8 things you need to know before moving to Singapore

So, you’re coming to Singapore and staying for the long term, and it’s your first time staying in our island city.

We know that you’re going to be just a little unsure about how things are going to be here, so we’ve put together a quick guide to help you hit the ground running.

International Schools

If you’re coming with your children, Singapore has multiple international schools set up to make sure your children have a top-class education.

Some schools like the French School of Singapore, cater to specific audiences, but most schools offer at least an IB or IGCSE program, with some schools like the Tanglin Trust School offering up to an ‘A’ Level qualification. If you’re looking for a list of schools, here’s one to start you off.

See more8 Places to Rent Near International Schools

Types of Housing

In many other countries, government-funded public housing does not constitute a majority of the housing supply. However, the converse is true in Singapore.

Over 80% of Singaporeans live in public housing, and a large amount of land is set aside for this purpose.

HDB in 418 Serangoon Central. Picture: iProperty

Public housing is colloquially called “HDB housing”, and can be rented out to expats. Private homes, on the other hand, are made up of landed property, condominiums and executive condominiums.
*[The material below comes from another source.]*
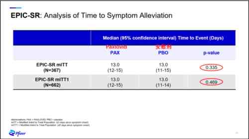 然后研究的结果显示,P药组和安慰剂组,症状持续时间都为13天。

While these apartments and homes can also be rented out to expats like you, they tend to be more expensive.

Want more information and details on housing in Singapore? Here’s a detailed breakdown!
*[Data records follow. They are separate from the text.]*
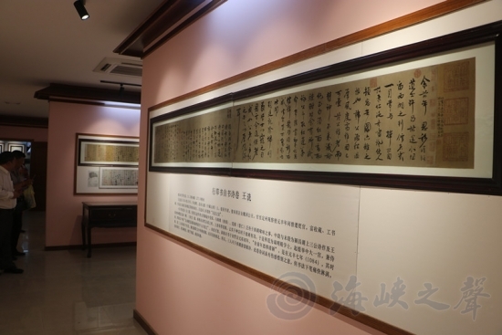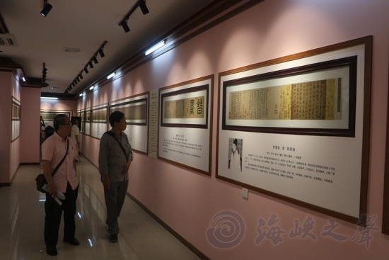 記者在現(xiàn)場(chǎng)注意到,全館面積并不寬敞,僅800余平方米,但光鮮亮麗,視野開(kāi)闊,洋溢著中華經(jīng)典書(shū)法藝術(shù)的氣韻和魅力;積淀深厚,古色古香,綻放著千年中華文明燦爛的精湛和光華。全館有“兩晉南北朝名家書(shū)法”、“隋唐五代名家書(shū)法”、“兩宋名家書(shū)法”、“元代名家書(shū)法”、“明代名家書(shū)法”、和“清代名家書(shū)法”六個(gè)陳列部分。每一部分精選的名家作品,都是千古傳世的經(jīng)典名篇。如西晉陸機(jī)的《平復(fù)帖》,是傳世最早的名家紙本書(shū)法墨跡。東晉王珣的《伯遠(yuǎn)帖》,為乾隆“養(yǎng)心殿”之“三希堂”中,三件晉人墨寶中唯一一件晉人真跡。又如800多年前,宋徽宗趙佶的《草書(shū)千字文》,原作長(zhǎng)達(dá)三丈余,筆勢(shì)凌空多變,一氣呵成,猶如長(zhǎng)江奔騰,一瀉千里。用八塊瓷板制作,全長(zhǎng)1172厘米。經(jīng)臨摹那遒勁的筆力、瀟灑的氣度,那紙的質(zhì)感、筆的動(dòng)感、墨光鑒影、云龍圖案、水跡塵痕,宛然在眼,纖毫畢現(xiàn)。
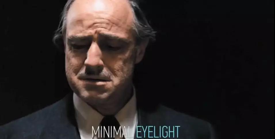 出于對白蘭度特效妝容的強調(diào),威利斯從他的上方打光,經(jīng)常提供最小程度的眼部打光(Eyelight)。
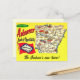 Färgglatt vintagepostkort kartan över delstaten Arkansas återanvänt som ett nytt vykort för att tillkännage ett nytt hem, ny adress, eller?
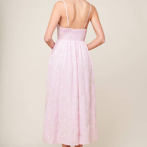 ALONG THE SHORE PINK WOVEN MIDI DRESS

Staying near Public Transport

The island is going to be smaller than you expected, but that means you probably won’t have to deal with hour-long commutes on your regular work day.

Singapore has a highly efficient, and well built out public transport system that moves millions of people every day to and from work. The public transport system is made up of an extensive rail network, and a well-distributed bus network.

Bedok MRT Station. Picture: iProperty

Our advice is to try to stay within walking distance to any MRT station or at least be near a bus stop that takes you to an interchange. You’ll be able to reach the Central Business District from most parts of the island within 10-20 minutes.

If you’re staying on the absolute ends of the island, it’ll take a maximum of 40 minutes during peak travel periods to get into the city.

See moreProperties near MRT stations may prove attractive to investors

Cars cost a lot more than you expect

One of the few reasons why Singapore was ranked as one of the most expensive places to live in the world is because of the cost of a car.

A Toyota might cost $20,000 elsewhere, but that same Toyota will cost close to $100,000 here. That’s because the government places multiple taxes and permits on a vehicle in order to discourage the use of cars in land-scarce Singapore.

On top of a 20% duty on the open market value of the car, every car must have a Certificate of Entitlement (COE) that can cost as much as $40,000.

See more: Crazy Rich Singapore: Homes for Living the High Life

No Uber, but Taxis and Grab everywhere

If you really want to get somewhere in a jiffy, it might be a good idea to get a GrabCar or a Taxi. Grab is the dominant regional ride-hailing app in Singapore, with many people using the app to get private rides, rideshares, taxis and even make financial transactions like paying merchants.

If you’re travelling in South East Asia, the app will also function in places where Grab works. Most major South East Asian cities, like Hanoi and Jakarta, have Grab services in place.

Low crime rates

Singapore is one of the safest countries in the world, with a low crime rate, and an astounding 0.2 homicides per 100,000 people.

Many establishments in Singapore open late, with some food outlets even going for the full 24 hours.

The country is safe enough that most people don’t encounter crime, even when they’re out getting supper at 2 am. The police force is aware that low crime doesn’t mean no crime, so they’ve set up multiple 24-hour police posts throughout every neighbourhood in Singapore to ensure a quick response to any emergency calls.

Food Culture

One of the best things about Singapore is how cosmopolitan the city is, and nothing says “International City” better than the density of cuisine in Singapore.

Most local fare will only cost you between $5 – $10 for a complete meal, with hawker centres, food courts and coffee shops dishing out delicious staples from all across South East Asia.

If you’re looking for high-end cuisine, Singapore is home to multiple Michelin Starred restaurants, as well as a wide array of cuisines. The late Anthony Bourdain once called Singapore “possibly the most food-centric place on Earth”. We’re going to have to agree with him on that one.

Groceries and Essentials

Almost every neighbourhood in Singapore will have a mall within walking distance or a bus ride away. Most of these are service malls and have shops that hold supplies for day to day needs.

There are also large supermarket chains like NTUC FairPrice, Sheng Siong, Giant and Cold Storage dotting the island. These supermarkets are the go-to places for Singaporeans to pick up their weekly groceries.

Most of Singapore’s food supply is imported from nearby countries like Malaysia and Indonesia, but there are also premium goods imported from other places like Japan and Europe. Food prices are mostly reasonable, with items like milk and eggs not costing more than $3 – $4.


Robertson Quay, River Valley. Picture: iProperty

There’s always more to learn about Singapore, but we’ve covered most of the key concerns for those that are about to move into the country for the long term.

As always, try to immerse yourselves in our culture, and enjoy your stay in Singapore!